● YOUR INSTRUCTIONS: Leave the images out and repeat the data exactly as given.

● GIVEN INFORMATION:
■ ■ ■ ■ ■ ■ ■

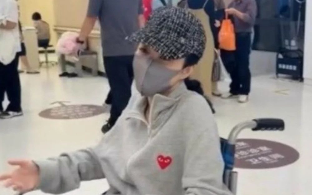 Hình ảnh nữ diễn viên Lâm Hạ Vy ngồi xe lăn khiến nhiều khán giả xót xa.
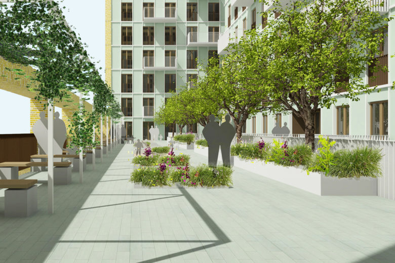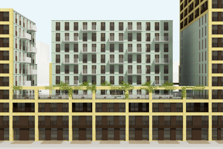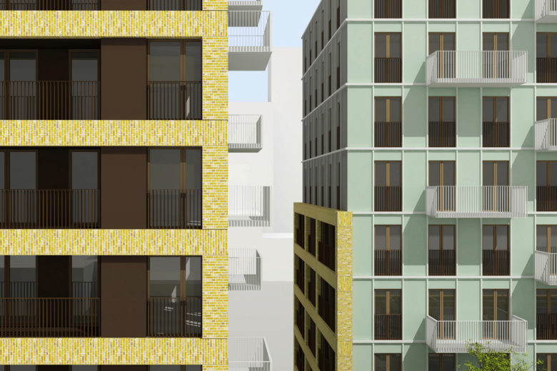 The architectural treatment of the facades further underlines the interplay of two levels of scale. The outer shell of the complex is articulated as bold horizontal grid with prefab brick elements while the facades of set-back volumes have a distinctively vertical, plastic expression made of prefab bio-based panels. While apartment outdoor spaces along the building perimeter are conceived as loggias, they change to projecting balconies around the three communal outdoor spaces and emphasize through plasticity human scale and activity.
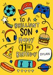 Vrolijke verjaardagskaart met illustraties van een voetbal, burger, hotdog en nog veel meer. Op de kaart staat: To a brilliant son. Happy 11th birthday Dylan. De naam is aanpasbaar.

■ ■ ■ ■ ■ ■ ■

● EXPECTED ANSWER:
 Hình ảnh nữ diễn viên Lâm Hạ Vy ngồi xe lăn khiến nhiều khán giả xót xa.
 The architectural treatment of the facades further underlines the interplay of two levels of scale. The outer shell of the complex is articulated as bold horizontal grid with prefab brick elements while the facades of set-back volumes have a distinctively vertical, plastic expression made of prefab bio-based panels. While apartment outdoor spaces along the building perimeter are conceived as loggias, they change to projecting balconies around the three communal outdoor spaces and emphasize through plasticity human scale and activity.
 Vrolijke verjaardagskaart met illustraties van een voetbal, burger, hotdog en nog veel meer. Op de kaart staat: To a brilliant son. Happy 11th birthday Dylan. De naam is aanpasbaar.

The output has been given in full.